> [TASK PROMPT]
Set down each entry as it stands. Skip the pictures.

(Records from a data source)
/---

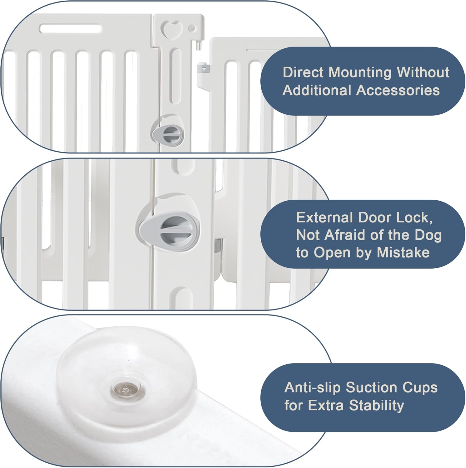 • PET-SAFE DESIGN: Our dog playpen features a secure external door lock to prevent accidental opening, making it safe for when you're out and about or when you have guests in the house. Your pet's safety is our priority!
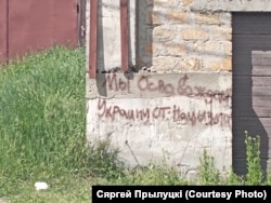 Побач з адным з разбураных будынкаў на сьцяне надпіс: «Мы Освобождаем Украину от Нацызма». У бязграматных «вызваліцеляў» сваё ўяўленьне пра «нацызм», дабро і зло. Можна было б пажартаваць, што ўсе яны жывуць у паралельнай рэчаіснасьці, вось толькі іхняя паралельная рэчаіснасьць штодня забірае жыцьці тут і цяпер, у тых, хто ў труне бачыў увесь гэты «клопат» і «гуманізм».
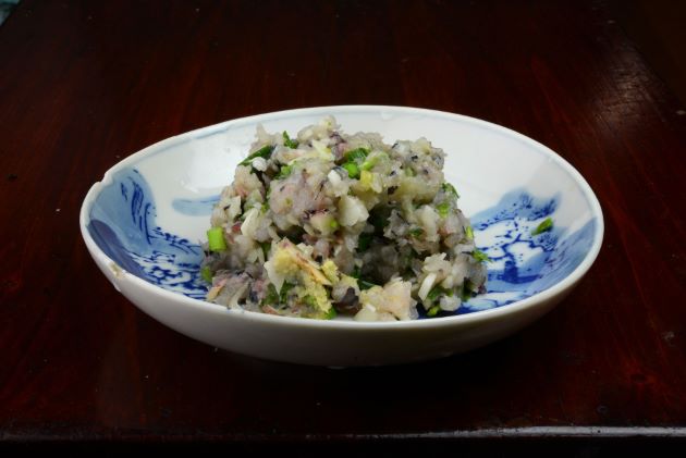 クロシビカマスのなめろう 水洗いして身をかきだして、みそ、ねぎなどの香辛野菜(みょうが、青じそ、玉ねぎ)を合わせてよく切れる包丁でとんとんとたたく。少し粘りけを持つくらい叩いても、あらくたたいてもおいしい。意外にご飯にも合うし、ソテーして食べてもいい。
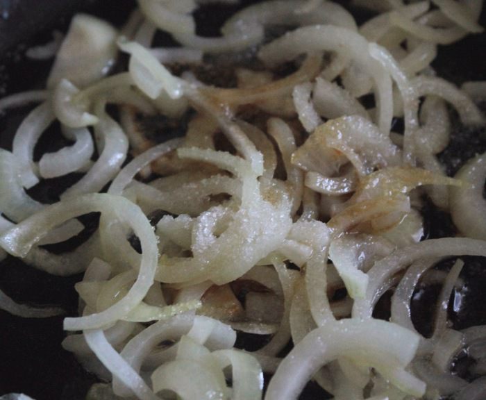 Когда лук обмякнет и станет прозрачным, добавить сахар и бальзамический уксус, довести лук до карамелизации.
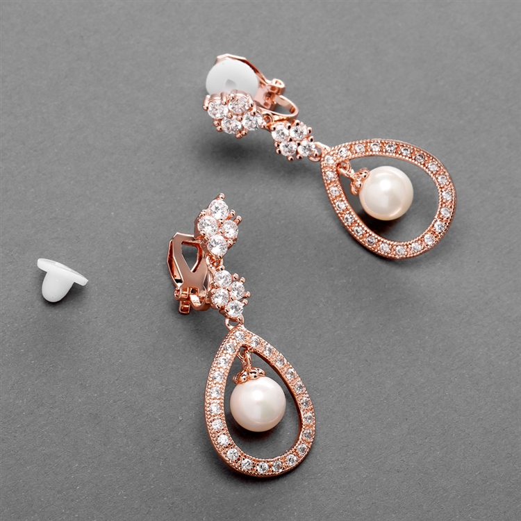 Rose Gold CZ Wedding Clip Earrings with Caged Pearl
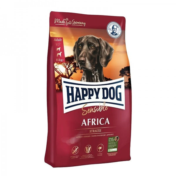 Happy Dog Africa yhdistää strutsin & perunan ainutlaatuiseksi reseptiksi. Strutsi on erittäin harvinainen proteiinilähde ja siksi ihanteellinen koirille, jotka kärsivät ruoka-aineyliherkkyyksistä. Perunoissa ei ole gluteenia ja siksi niitä suositellaan viljayliherkkyyksistä kärsiville eläimille. Arvokkaat Omega-3- ja Omega-6-rasvahapot – tärkeitä terveelle iholle ja kiiltävälle turkille – täydentävät valikoidun reseptin. Puristeet on sovitettu ihanteellisesti kaikkien keskikokoisten ja suurten koirarotujen hampaille. Valmistettu Saksassa erittäin tiukan laadunvalvonnan alaisena!
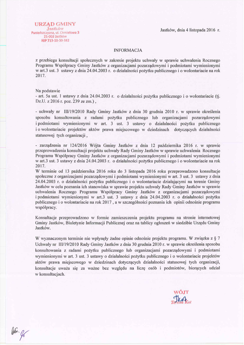 Informacja z przebiegu konsultacji społecznych w zakresie projektu uchwały w sprawie uchwalenia Rocznego Programu Współpracy Gminy Jastków z organizacjami pozarządowymi i podmiotami wymienionymi w art.3 ust. 3 ustawy z dnia 24.04.2003r. o działalności pożytku publicznego i o wolontariacie na rok 2017.
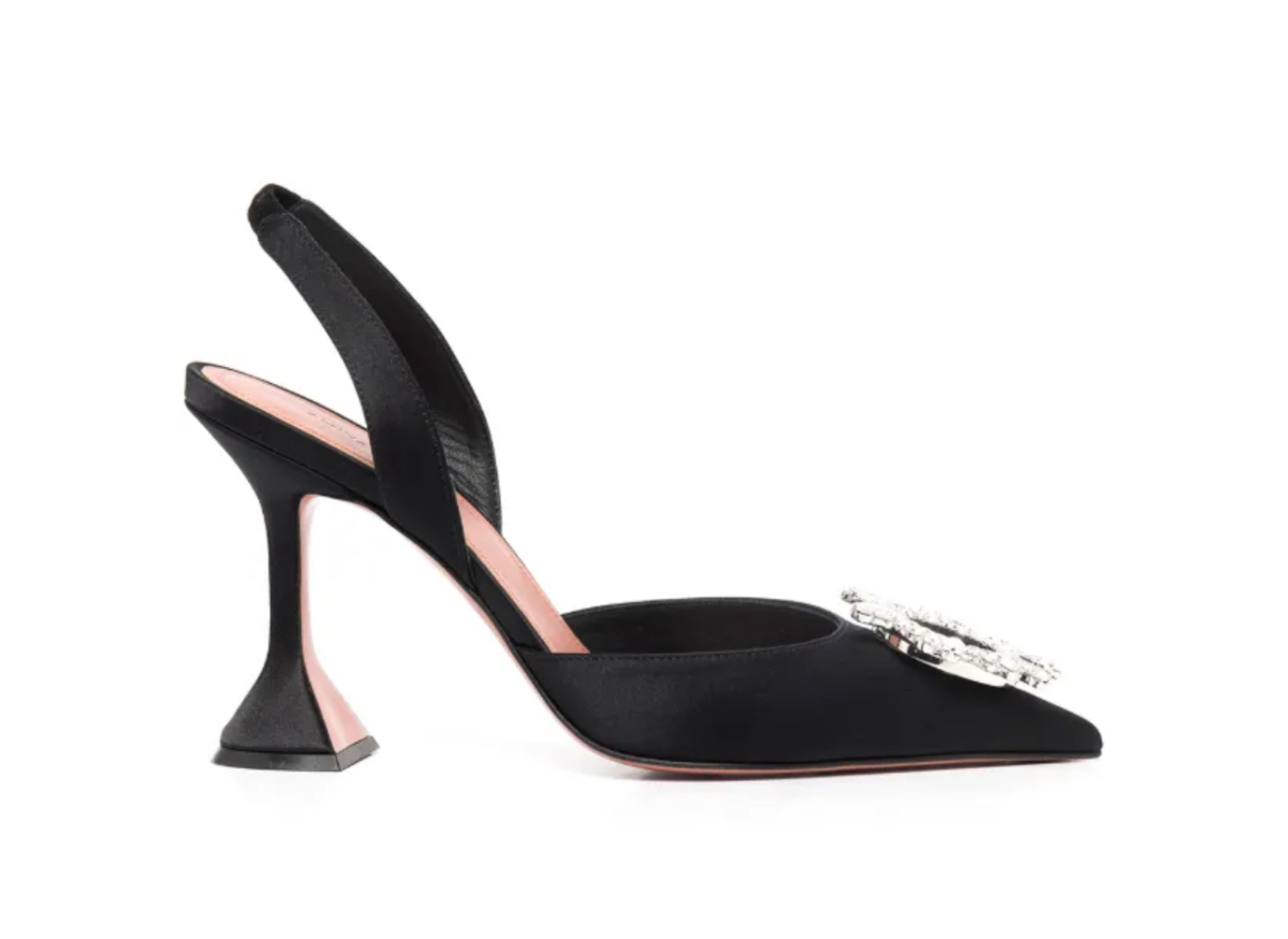 Amina Muaddi menghadirkan desain hak berbentuk segitiga dan hiasan kristal besar di bagian depan membuatnya instantly recognizable. Sepatu ini memberi kesan glamor tanpa harus berusaha keras tentunya pas untuk momen spesial di mana kamu ingin tampil memukau.

\---

> [OUTPUT OF THE EXERCISE]
 • PET-SAFE DESIGN: Our dog playpen features a secure external door lock to prevent accidental opening, making it safe for when you're out and about or when you have guests in the house. Your pet's safety is our priority!
 Побач з адным з разбураных будынкаў на сьцяне надпіс: «Мы Освобождаем Украину от Нацызма». У бязграматных «вызваліцеляў» сваё ўяўленьне пра «нацызм», дабро і зло. Можна было б пажартаваць, што ўсе яны жывуць у паралельнай рэчаіснасьці, вось толькі іхняя паралельная рэчаіснасьць штодня забірае жыцьці тут і цяпер, у тых, хто ў труне бачыў увесь гэты «клопат» і «гуманізм».
 クロシビカマスのなめろう 水洗いして身をかきだして、みそ、ねぎなどの香辛野菜(みょうが、青じそ、玉ねぎ)を合わせてよく切れる包丁でとんとんとたたく。少し粘りけを持つくらい叩いても、あらくたたいてもおいしい。意外にご飯にも合うし、ソテーして食べてもいい。
 Когда лук обмякнет и станет прозрачным, добавить сахар и бальзамический уксус, довести лук до карамелизации.
 Rose Gold CZ Wedding Clip Earrings with Caged Pearl
 Happy Dog Africa yhdistää strutsin & perunan ainutlaatuiseksi reseptiksi. Strutsi on erittäin harvinainen proteiinilähde ja siksi ihanteellinen koirille, jotka kärsivät ruoka-aineyliherkkyyksistä. Perunoissa ei ole gluteenia ja siksi niitä suositellaan viljayliherkkyyksistä kärsiville eläimille. Arvokkaat Omega-3- ja Omega-6-rasvahapot – tärkeitä terveelle iholle ja kiiltävälle turkille – täydentävät valikoidun reseptin. Puristeet on sovitettu ihanteellisesti kaikkien keskikokoisten ja suurten koirarotujen hampaille. Valmistettu Saksassa erittäin tiukan laadunvalvonnan alaisena!
 Informacja z przebiegu konsultacji społecznych w zakresie projektu uchwały w sprawie uchwalenia Rocznego Programu Współpracy Gminy Jastków z organizacjami pozarządowymi i podmiotami wymienionymi w art.3 ust. 3 ustawy z dnia 24.04.2003r. o działalności pożytku publicznego i o wolontariacie na rok 2017.
 Amina Muaddi menghadirkan desain hak berbentuk segitiga dan hiasan kristal besar di bagian depan membuatnya instantly recognizable. Sepatu ini memberi kesan glamor tanpa harus berusaha keras tentunya pas untuk momen spesial di mana kamu ingin tampil memukau.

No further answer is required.